Date Sat, 11 Apr 2026 10:36:29 +0300


La guerra desatada por la coalición Epstein contra Irán podría terminar de tres maneras: con Estados Unidos recurriendo al lanzamiento de un arma nuclear táctica; con la ignominiosa retirada de los agresores del conflicto, acompañada de una declaración unilateral de victoria por parte de Estados Unidos e Israel; o con una tregua y un alto el fuego mutuamente acordados, posiblemente con la mediación de terceros. Al examinar las hipótesis mencionadas, intentemos hipotetizar los posibles escenarios futuros.
El primer escenario desafortunado, el uso de armas nucleares, es ahora menos improbable que nunca, dado que el objetivo declarado de los partidarios de la operación solicitada por Trump y Netanyahu es acelerar la llegada del Armagedón, satisfaciendo así al ala más extremista de los neocomunistas .
Probablemente se usaría un arma nuclear táctica, lo cual sería suficiente para disuadir a los iraníes e inducirlos a rendirse. Si recordamos el uso de las bombas atómicas en Hiroshima y Nagasaki, vemos que Estados Unidos no es ajeno a esta lógica, justificándola con la intención de evitar bajas estadounidenses y, al mismo tiempo, poner fin al conflicto (razones utilizadas en aquel entonces para forzar la rendición de Japón). Todo depende de la fuerza y la determinación de las fuerzas que apoyan a Trump en su acción, de su capacidad para influir en él mediante el chantaje, presumiblemente en manos de Netanyahu, y de las implicaciones que esta decisión tendría para su fortuna y la satisfacción de su ego. Parece muy improbable que podamos contar con una muestra de dignidad por parte del Senado y/o la Cámara de Representantes de Estados Unidos y sus órganos constitucionales para reaccionar y frenar las acciones del Presidente. Si se materializara la desafortunada posibilidad de recurrir a las armas nucleares, es muy improbable que el lanzamiento del dispositivo se anunciara con antelación, y naturalmente esto impediría que Rusia y China detuvieran la acción estadounidense. Sin embargo, un holocausto nuclear desatado sobre Irán no pondría fin a la guerra, sino que exacerbaría aún más la tensión en Oriente Medio y probablemente más allá, desencadenando un conflicto nuclear global. En este escenario, cualquier otra consideración resulta superflua.

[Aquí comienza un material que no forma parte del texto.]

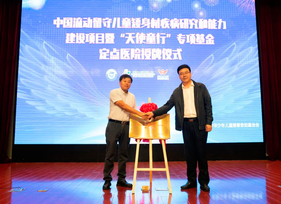 在医护人员的共同见证下,中华少年儿童慈善基金会“天使童行”项目主任龚震、德州扑克游戏网 党委书记张瑞忠共同为“天使童行”项目在德州扑克游戏网 落地揭牌。德州扑克游戏网 成为省内第一家流动留守儿童矮身材救助定点医院。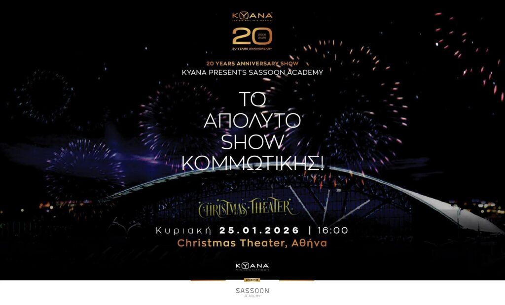 Ο Aris Intzes, Assistant Creative Director, ο Daniel McCourt, UK Assistant Creative Director, ο Pink Grubb, Senior Colour Director και η Mia Leet, Colour Director της παγκοσμίου φήμης Sassoon Academy παρουσιάζουν τις πιο hot τάσεις σε τεχνικές cutting, colouring και styling με προϊόντα ΚΥΑΝΑ την Κυριακή 25.01.2026 στις 16:00 στο Christmas Theater στην Αθήνα.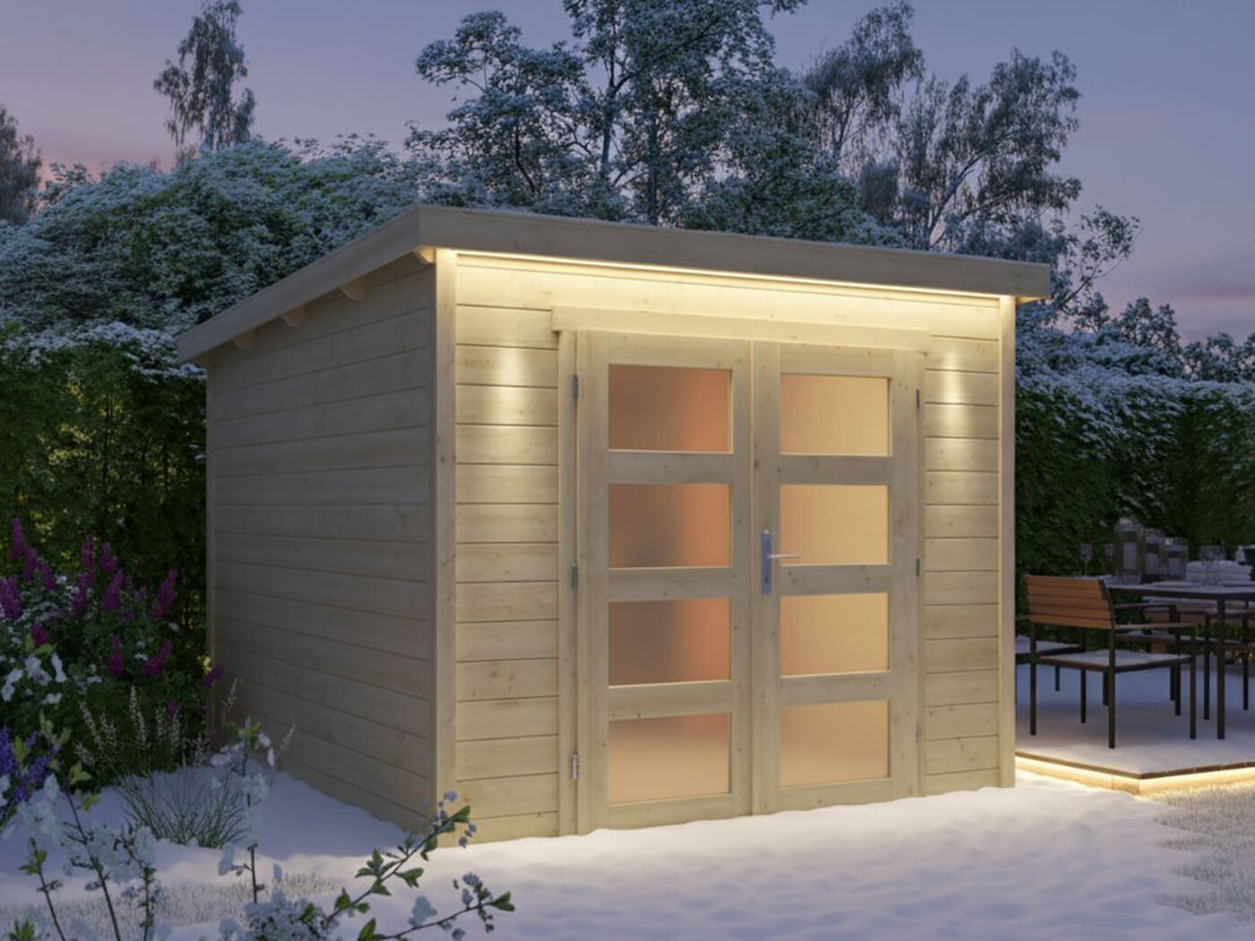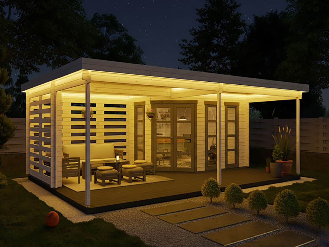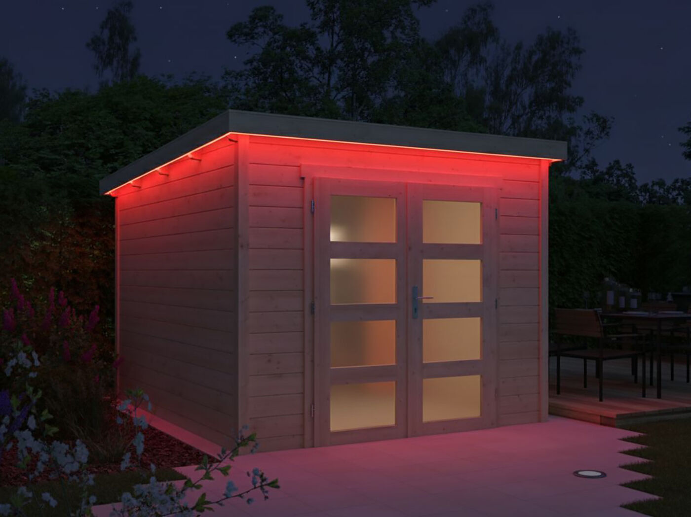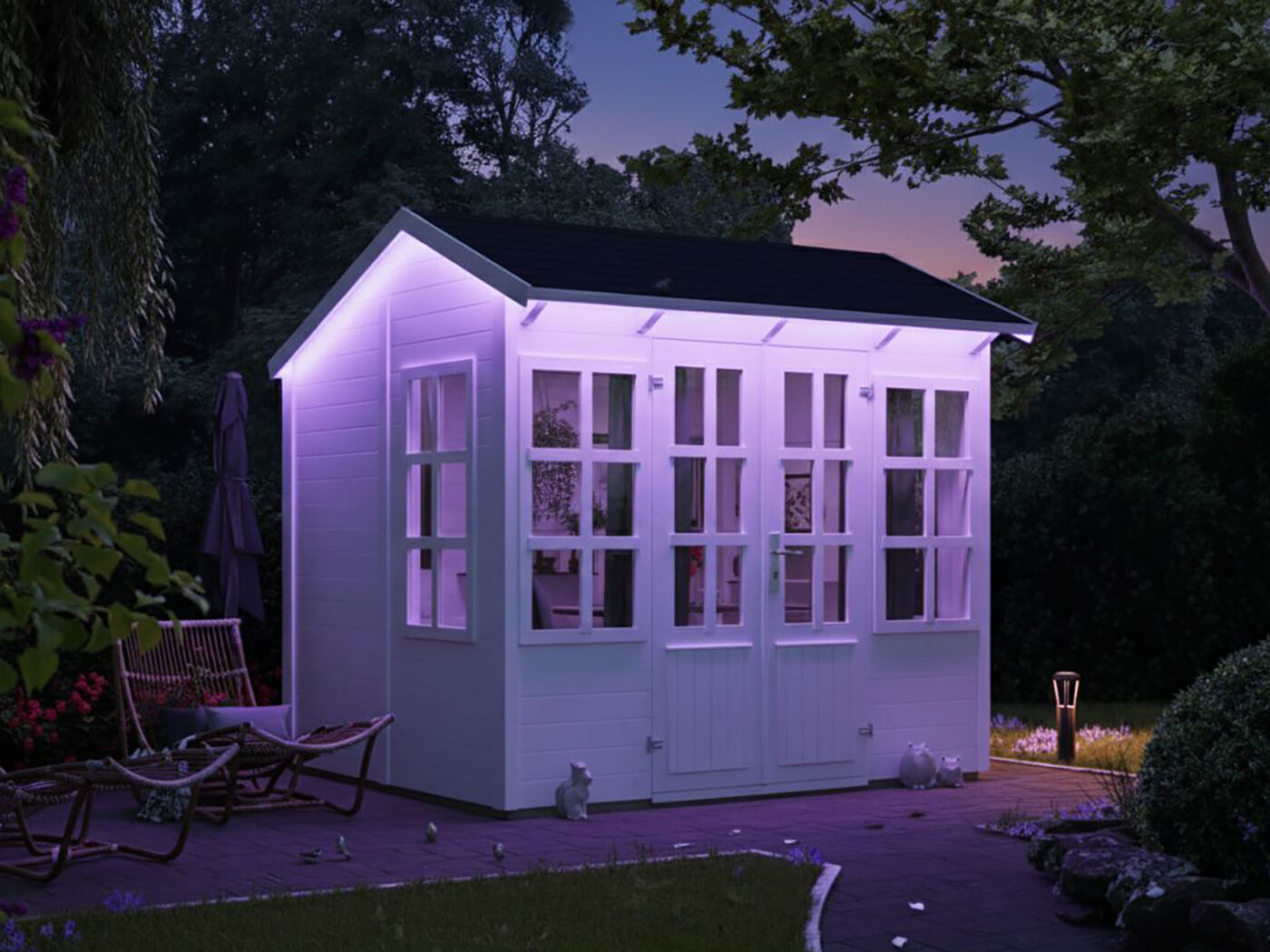 Ob gemütliches Lichtspiel im Innenraum oder effektvolle Außenbeleuchtung – mit dem Gartenhaus LED Kit schaffen Sie jederzeit das perfekte Ambiente.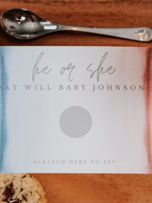 Anna perele ja lähedastele kõhubeebi soost teada huvitaval moel kraabitavate kaartidega! Ombrestiilis kujundusega “Poiss või tüdruk?” kaardil on lapse sugu peidetud kaardi keskele ühe kraabitava ringi või südame alla.  Beebi sooteatamise kaarte saab kasutada osana sooteatamispeost (gender-reveal) või tulevaste lapsevanemate, vanavanemate ja lähedaste põnevaks üllatamiseks.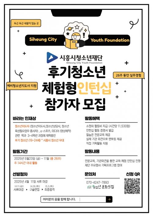 [½Åµ¿¾Æ¹æ¼Û ½ÃÈï½Ã=À̽ŵ¿±âÀÚ] ½ÃÈï½Ãû¼Ò³âÀç´ÜÀº û¼Ò³â Ȱµ¿¿¡ °ü½É ÀÖ´Â ´Ù¾çÇÑ Àü°øÀÇ Èıâ û¼Ò³âµéÀ» ´ë»óÀ¸·Î üÇèÇü ÀÎÅϽÊÀ» ÁøÇàÇÑ´Ù. û¼Ò³âÀç´ÜÀº À̹ø ÇÁ·Î±×·¥À» ÅëÇØ û¼Ò³â Ȱµ¿ ¹× º¸È£ º¹Áö, e-½ºÆ÷Ã÷, ¹Ìµð¾î Àü°ø»ýÀ» ¼±¹ßÇØ ½Ç¹« °æÇè°ú Àü¹® ±³¡¦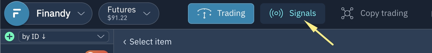 All received signals are displayed within the "Signals" tab located in the "Trading" menu under the Chart.

La victoria unilateral proclamada

Utilizando una retórica familiar, el Presidente de los Estados Unidos podría declarar la victoria en el conflicto y el logro de sus objetivos, aunque nunca los declaró explícitamente y, por lo tanto, se puede asumir que se alcanzaron. Hablando literalmente fuera de lo común, Trump identificó una amplia gama de motivaciones como la causa del conflicto: impedir que Irán adquiriera armas nucleares, un objetivo que declaró logrado, más recientemente en la Guerra de los Doce Días, una afirmación evidentemente falsa, dado que se vio obligado a recurrir a un nuevo conflicto para tal fin; declaró que el objetivo era desmantelar los sistemas de misiles de Irán, reduciendo su número y, por lo tanto, obstaculizando las capacidades ofensivas de Irán; y declaró su deseo de ayudar al pueblo iraní a rebelarse contra la dictadura de Hayatollah, provocando la caída del régimen y el surgimiento de un gobierno favorable a los intereses estadounidenses.
Omitió mencionar, probablemente, que el objetivo subyacente era implementar el plan de Breziski, concebido en la década de 1990, que preveía la desintegración de Irán (al igual que Rusia) y su división en múltiples estados étnicamente diversos, imposibilitando así el liderazgo regional del país; un plan ampliamente compartido por su aliado israelí.
No se puede descartar que, con el paso del tiempo y la persistencia del conflicto, el inquilino de la Casa Blanca invente otros motivos: desde esta perspectiva, su imaginación es ilimitada y su capacidad para mentir, inigualable.
Cabe añadir que el aliado israelí persigue, como objetivo, la creación del llamado "Gran Israel", es decir, la expansión del Estado judío en detrimento de Siria, Líbano y, por qué no, Irak, con la ambición de alcanzar el Éufrates, apropiarse de los codiciados recursos hídricos de la región y convertirse en la potencia hegemónica absoluta en la zona, sin ningún contrapeso.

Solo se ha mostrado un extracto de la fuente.